Prudential chairman Harvey McGrath said in an interview on Friday that no heads would roll at the British insurer after it abandoned an ambitious takeover of AIG’s Asian unit AIA.
“The board is completely behind the management team. No one has offered to resign and no one has been asked to resign,” McGrath told the Financial Times. The aborted takeover had been masterminded by Prudential chief executive Tidjane Thiam and many commentators said his career had been badly tarnished.
“There are a couple of shareholders calling for change, but they are outliers. The vast majority of our biggest investors are saying they don’t want to see change at the top,” McGrath added. “They are supportive of management and of Tidjane, who they have seen as (Chief financial officer) help to drive the performance of the group.” Prudential’s decision on Wednesday to abandon the takeover came after AIG refused to cut the price tag from 35.5 billion dollars (29 billion euros) to nearer 30 billion dollars.
McGrath said the top team at Prudential was “quite devastated” when it heard AIG had rejected the renegotiated price. “But we were not worried at all about our positions,” he said. Thiam, who became chief executive in October 2009, was formerly Prudential’s financial chief. He told the Financial Times: “It is a clever thing to try and connect my inability to seal a 35-billion-dollar deal with my broad ability to run a company, but it is a fallacy.
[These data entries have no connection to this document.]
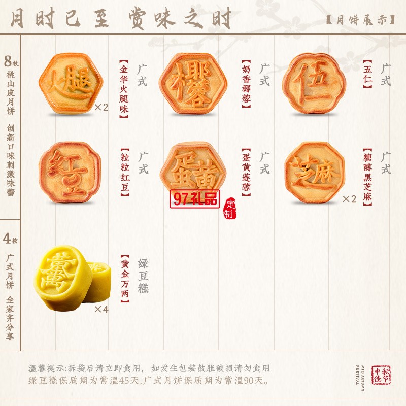 內(nèi)容物:廣式金華火腿60g*2 廣式黑芝麻60g*2 廣式五仁60g
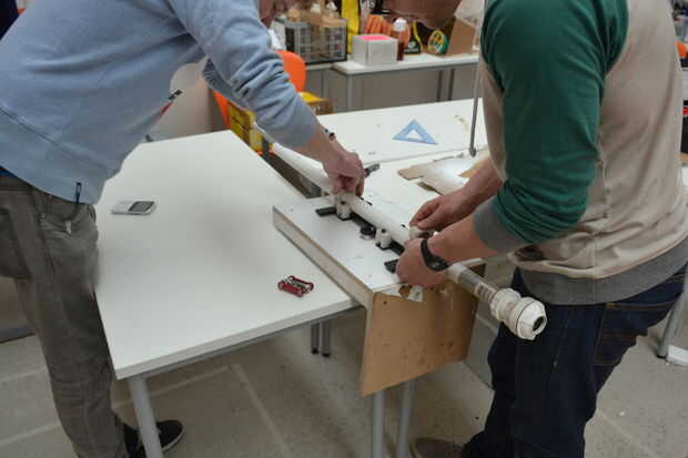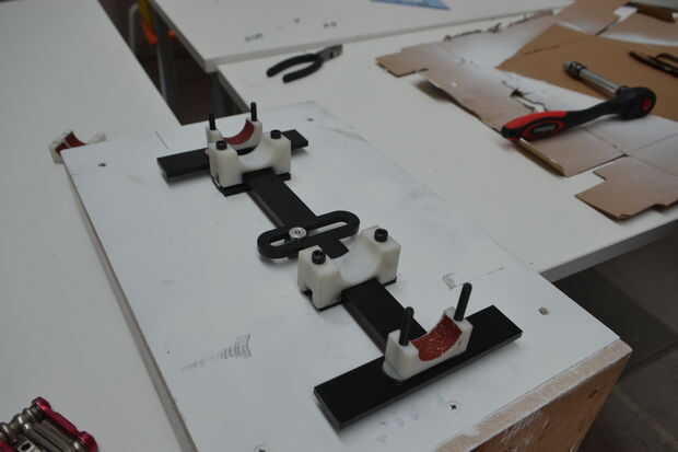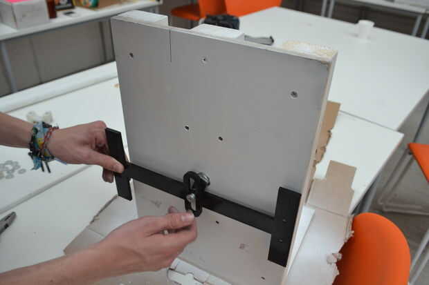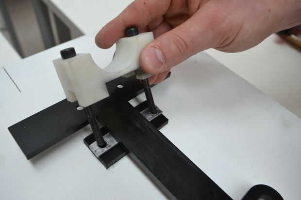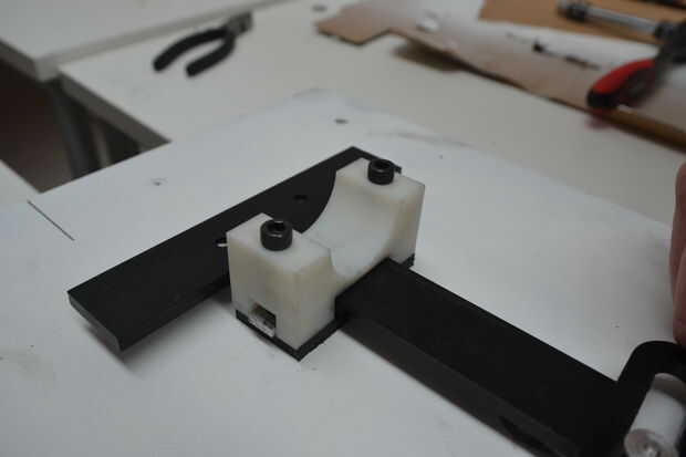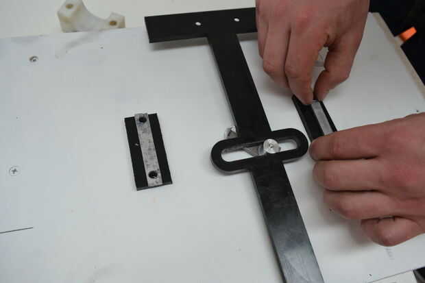 Las guías de ajuste sobre el scotch yoke y están atornilladas al tablero - los tornillos también mantener los reguladores en posición.
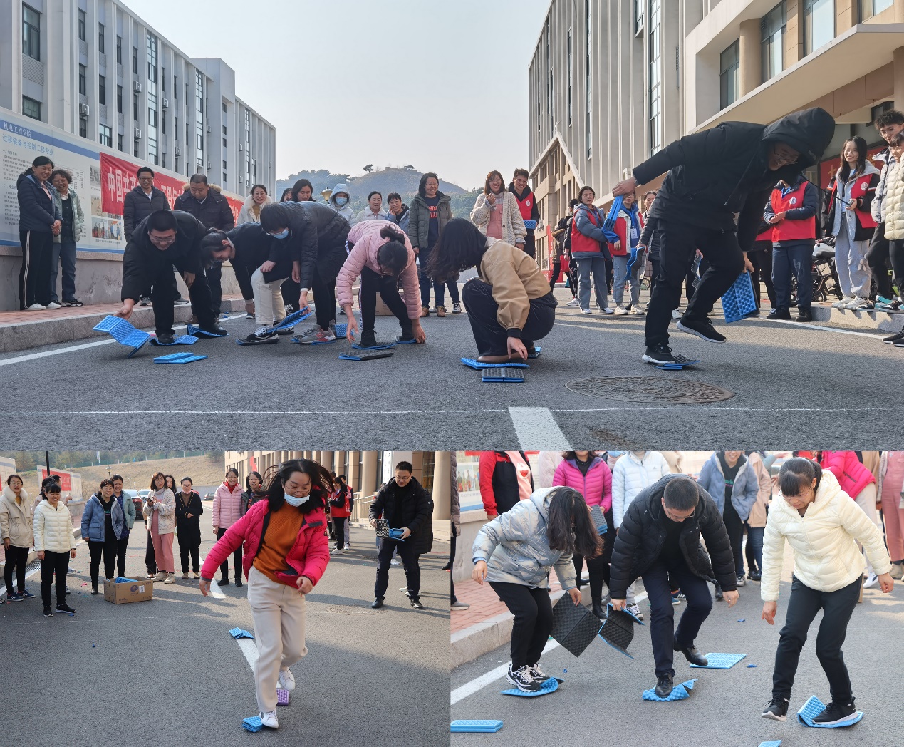 “摸石头过河”中,教师们争先恐后,充分展现了身体协调能力。
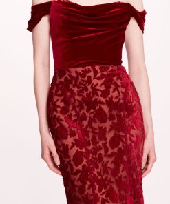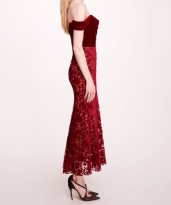Marchesa Notte Bridal Women’s Eveningwear Velvet Cutwork Midi Dress | Burgundy
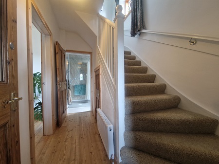 Wooden door with translucent panel opens into the entrance vestibule; electricity meter & consumer unit are wall mounted at ceiling height; space for furniture; internal wooden, partially glazed door leading into the lower hallway; solid wood flooring; doors to the lounge & shower room; under stairs storage cupboard; carpeted stairs to the first floor.
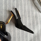 LEE SLINGBACK PUMPS 105 IN BLACK PATENT LEATHER GOLD HEEL
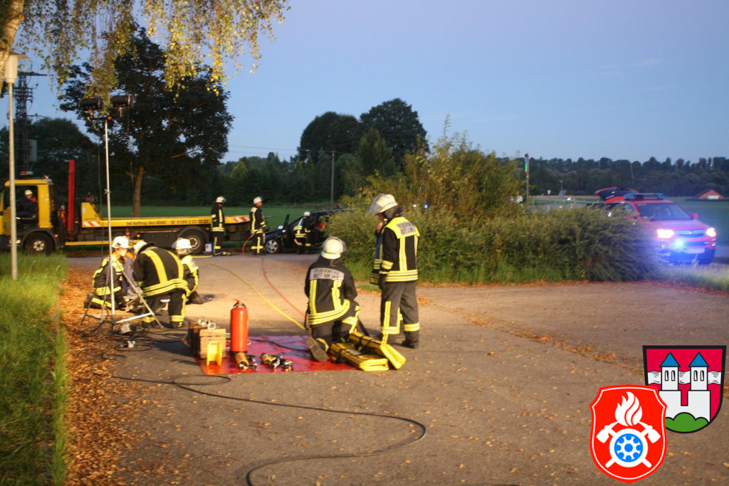 Um 20 Uhr wurde alle Fahrzeuge der Freiwilligen Feuerwehr Rott am Inn zu einem Verkehrsunfall mit PKW und LKW mit Gefahrgut sowie mit einem verletzten Fahrradfahrer alarmiert. Die First Responder sind als erstes an der Unfallstelle eingetroffen. Sie sicherten den Bereich des Unfalls bis zum Eintreffen der Feuerwehr ab und haben sich über die Ausmaße des Unfalls vergewissert. Natürlich wurde hierbei auch die schnelle Erstversorgung der fünf Verletzten (ein LKW-Fahrer, drei Auto-Insassen und ein Radfahrer) eingeleitet.

“To say I’m inexperienced in running a 35-billion-dollar transaction, that’s true. Not many have experience of running a 35-billion-dollar transaction.” The collapsed AIA deal cost Prudential around 450 million pounds (540 million euros, 660 million dollars). McGrath said: “This was an ‘in-strategy’ transaction and was an acceleration of the focus on growing the business in Asia. “Just because this transaction … did not work — or failed if you want to say that — it doesn’t mean that the underlying strategy has a problem.
“The boards understand that and are behind the strategy and were behind the transaction.” Despite the collapse of the AIA deal, Thiam had stressed earlier this week that Prudential would maintain a strong focus on growing its business in Asia.
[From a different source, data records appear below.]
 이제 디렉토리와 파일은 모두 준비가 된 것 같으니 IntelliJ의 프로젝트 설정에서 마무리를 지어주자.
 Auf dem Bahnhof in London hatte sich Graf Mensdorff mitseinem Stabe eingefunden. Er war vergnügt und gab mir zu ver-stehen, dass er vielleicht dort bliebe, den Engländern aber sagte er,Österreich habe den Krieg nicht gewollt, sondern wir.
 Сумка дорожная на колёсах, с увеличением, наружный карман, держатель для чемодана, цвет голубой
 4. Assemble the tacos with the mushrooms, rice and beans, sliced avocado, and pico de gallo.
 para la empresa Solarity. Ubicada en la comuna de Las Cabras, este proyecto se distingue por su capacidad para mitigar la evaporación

He also said the group’s existing Asian business had helped it deliver a “record performance” in the first quarter of 2010. The acquisition of AIA would have doubled the size of Prudential and transformed it into the world’s top non-Chinese insurer by market capitalisation, ahead of major competitors Allianz and AXA.
Sales in Asia make up half of Prudential’s new contracts across a number of countries including China, India, Indonesia, Malaysia and Thailand. The company also has a strong presence in Britain and the United States.